# Supplied data

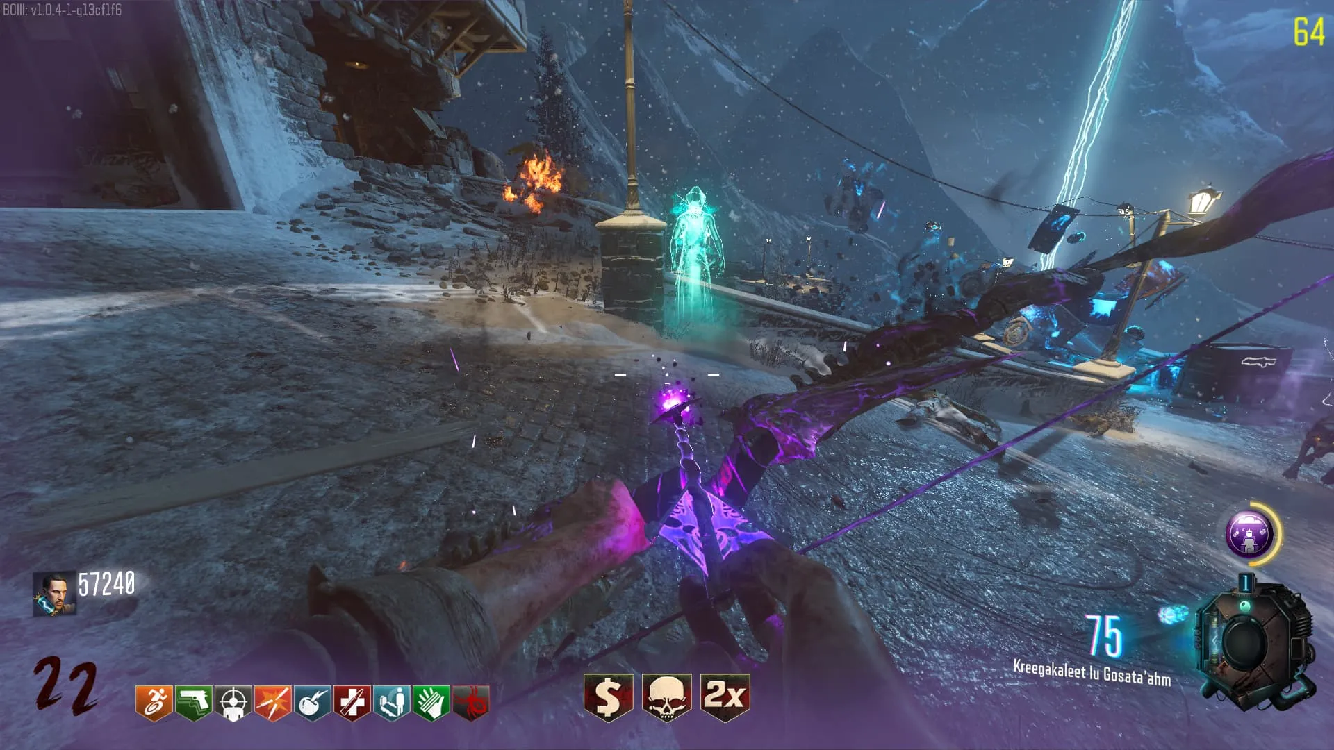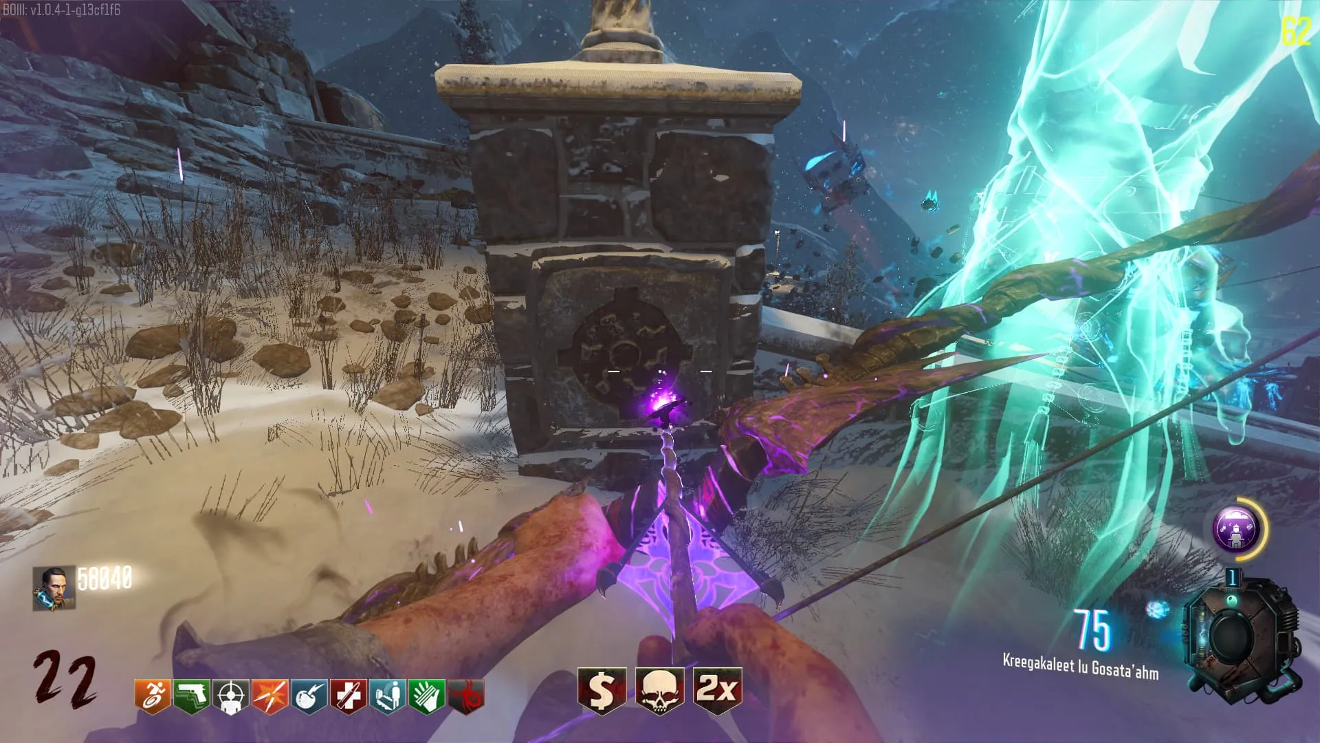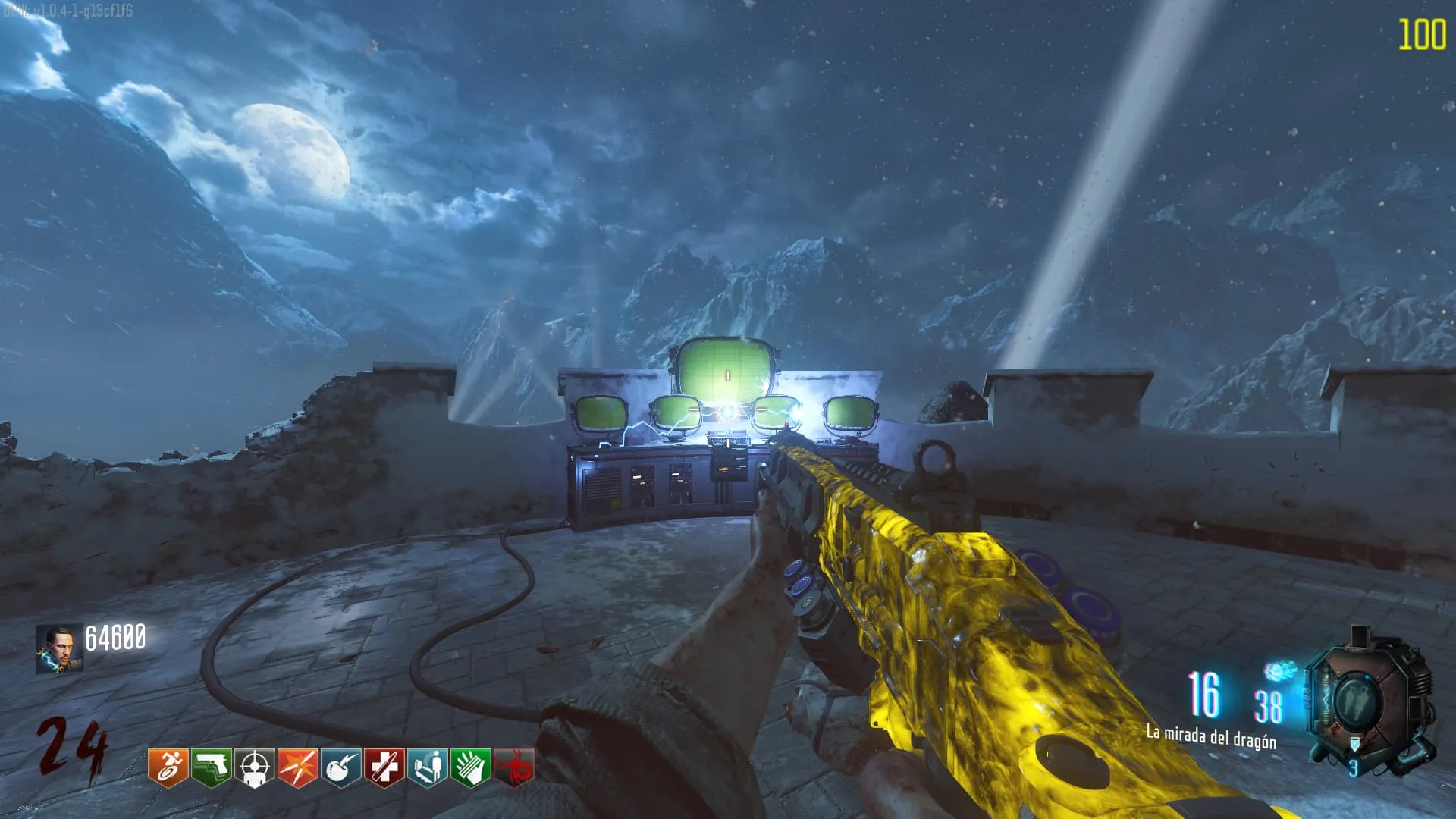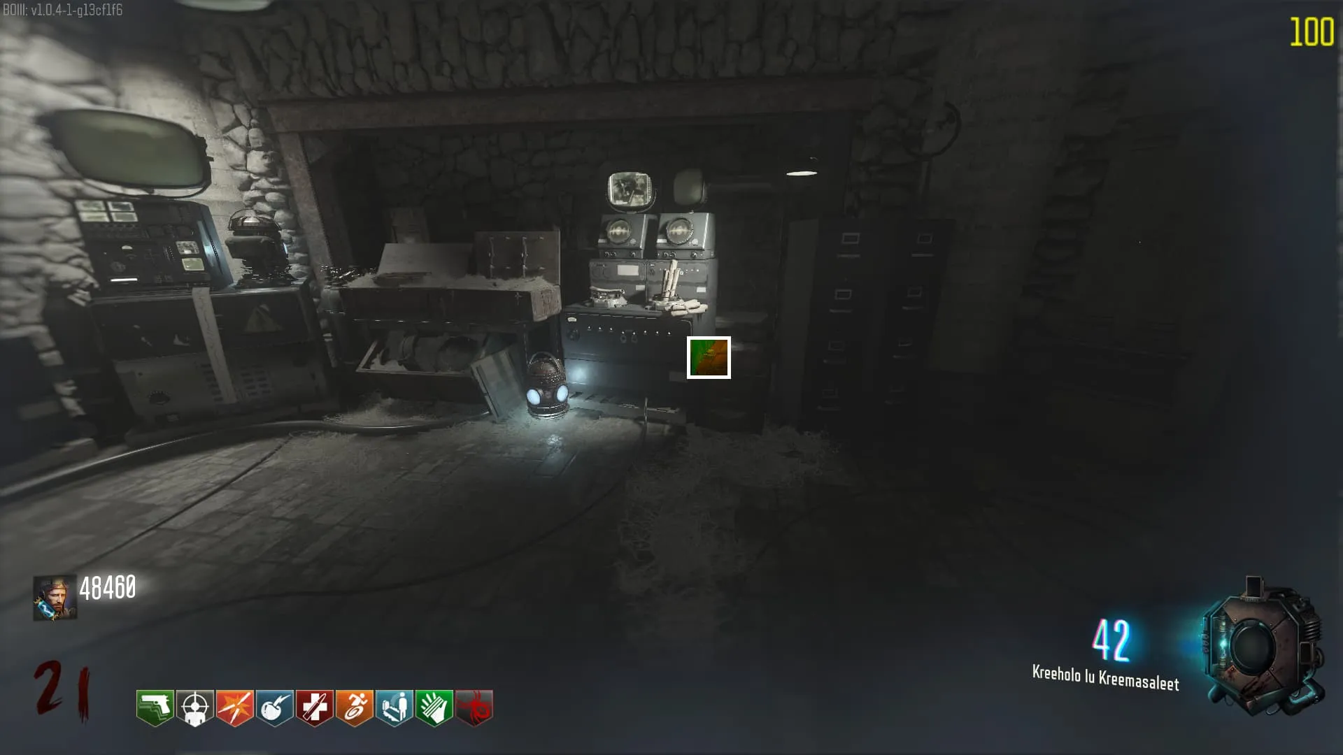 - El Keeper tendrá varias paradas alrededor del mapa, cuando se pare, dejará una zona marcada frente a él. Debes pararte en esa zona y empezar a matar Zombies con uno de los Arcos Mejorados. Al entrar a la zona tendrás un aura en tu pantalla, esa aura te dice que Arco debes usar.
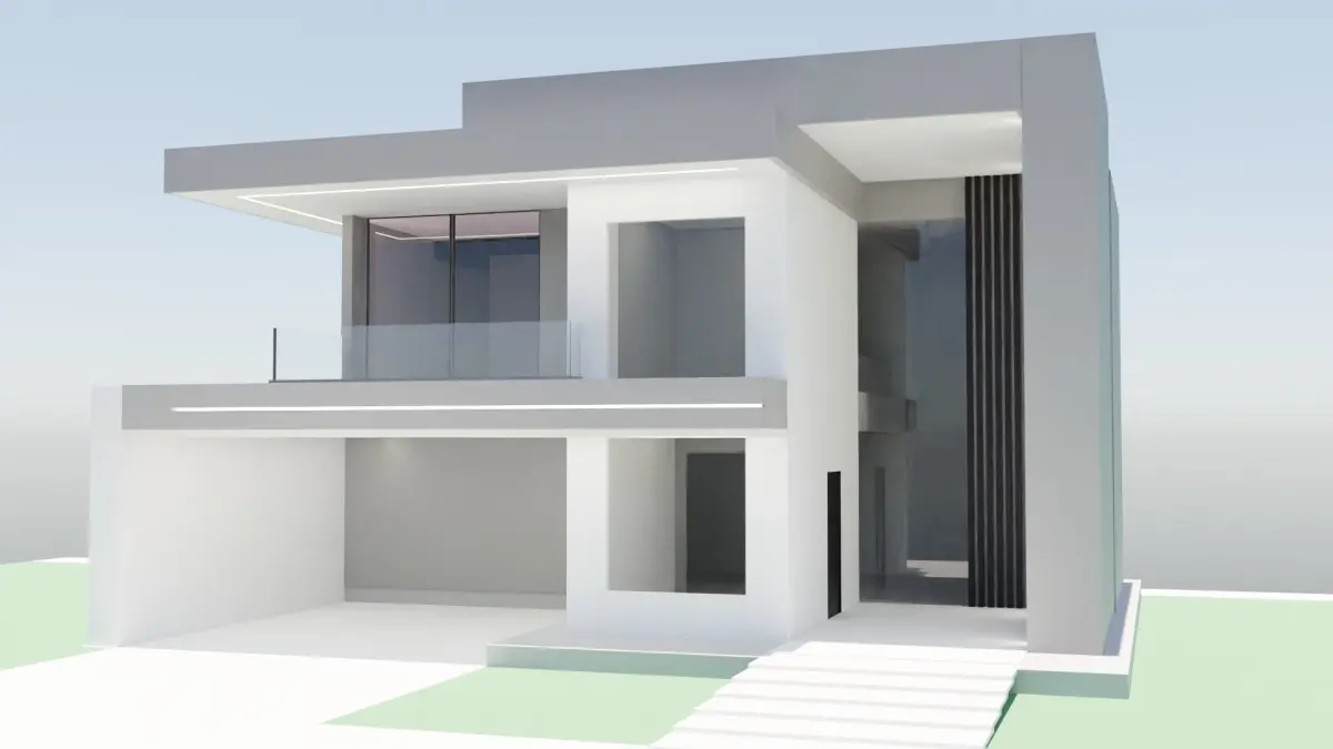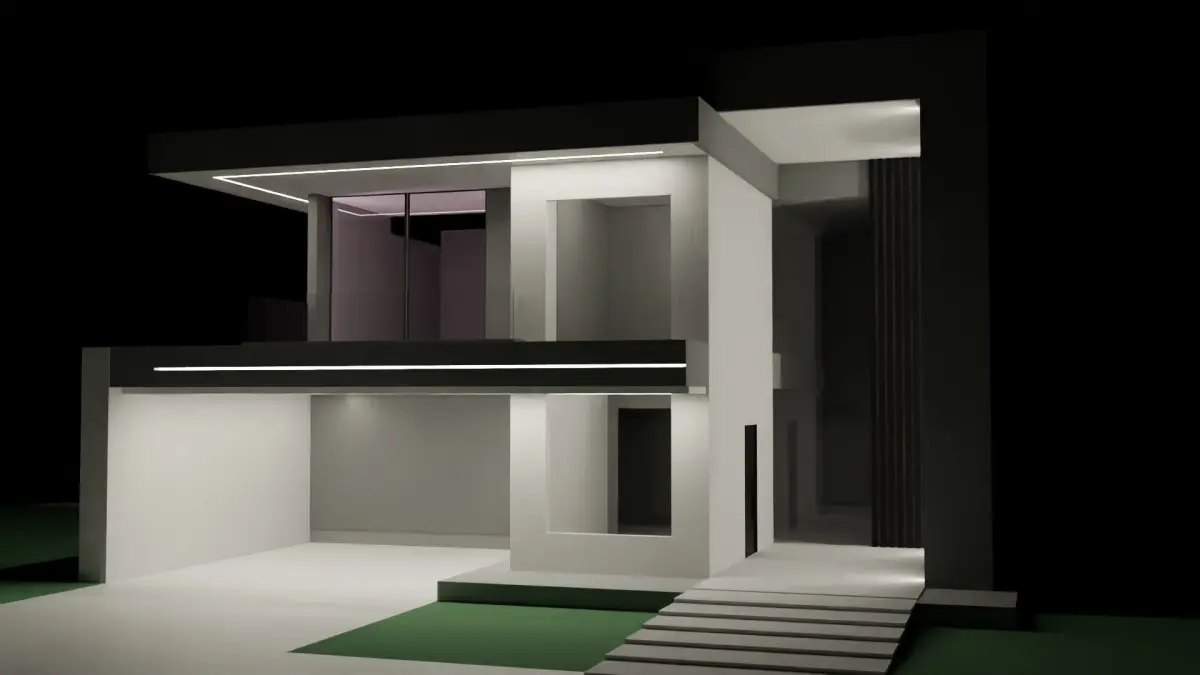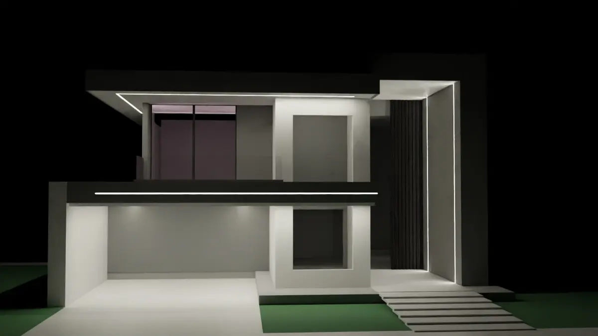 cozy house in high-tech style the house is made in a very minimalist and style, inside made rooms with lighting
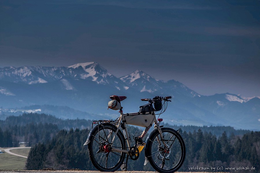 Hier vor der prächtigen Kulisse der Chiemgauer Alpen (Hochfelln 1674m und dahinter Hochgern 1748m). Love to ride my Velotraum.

# What is expected
Exactly as written, set down the lines from the line holding "cozy house in" to the last line of the data, both ends included, pictures excluded.

# Result of the exercise
 cozy house in high-tech style the house is made in a very minimalist and style, inside made rooms with lighting
 Hier vor der prächtigen Kulisse der Chiemgauer Alpen (Hochfelln 1674m und dahinter Hochgern 1748m). Love to ride my Velotraum.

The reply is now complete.